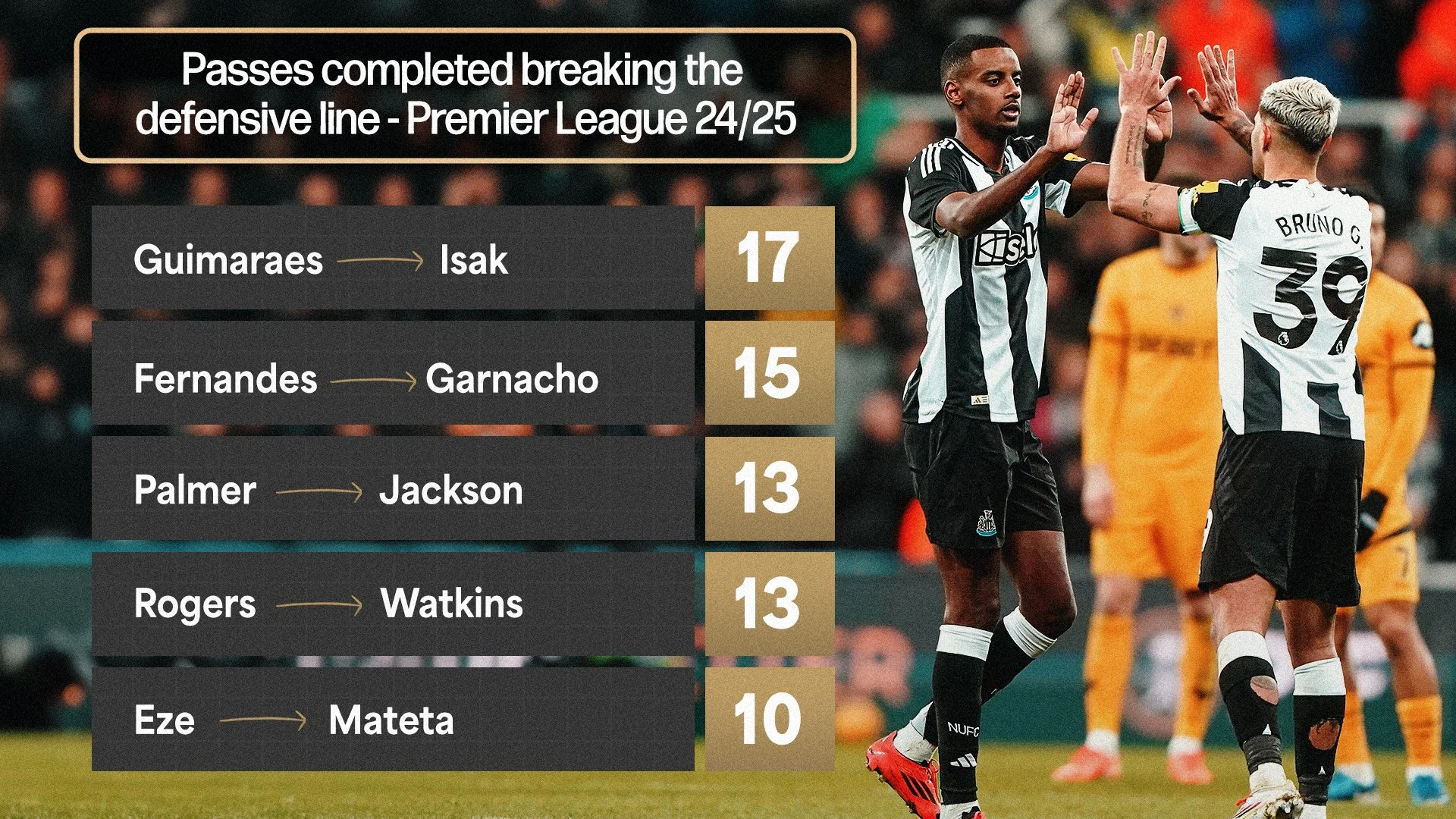 Off the ball, Isak’s movement and positional awareness made him a constant outlet for Newcastle. He received 234 line-breaking passes, the most of any centre-forward in the league, frequently offering himself between or behind defensive lines. Once on the ball, he remained composed and goal-oriented. A standout 8.1% of his total receptions came with his body already open to goal, ranking third among players in his position. This ability to control and transition quickly into goal-facing actions gave Newcastle a clear edge in attacking phases.
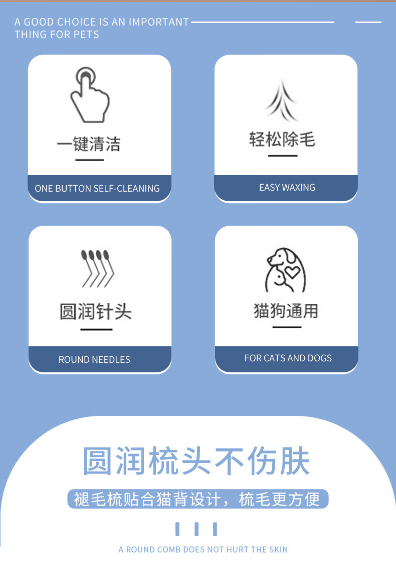 Zhewei Cat Comb Removes Floating Hair Brush Dog Hair Comb Cleansing Ragdoll Long-haired Cat Special Cat Hair Removal Artifact Pet Supplies Sky Blue
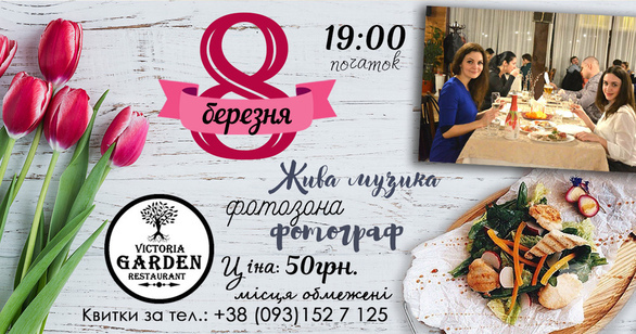 Насолоджуйтеся смачною кухнею, святкової фотозоні і романтичною музикою. Запрошуйте близьких друзів, сестер, мам і відпочивайте душевної компанією.

EXERCISE DIRECTIONS:
Write out the data exactly, but not its pictures.

REPLY:
 Off the ball, Isak’s movement and positional awareness made him a constant outlet for Newcastle. He received 234 line-breaking passes, the most of any centre-forward in the league, frequently offering himself between or behind defensive lines. Once on the ball, he remained composed and goal-oriented. A standout 8.1% of his total receptions came with his body already open to goal, ranking third among players in his position. This ability to control and transition quickly into goal-facing actions gave Newcastle a clear edge in attacking phases.
 Zhewei Cat Comb Removes Floating Hair Brush Dog Hair Comb Cleansing Ragdoll Long-haired Cat Special Cat Hair Removal Artifact Pet Supplies Sky Blue
 Насолоджуйтеся смачною кухнею, святкової фотозоні і романтичною музикою. Запрошуйте близьких друзів, сестер, мам і відпочивайте душевної компанією.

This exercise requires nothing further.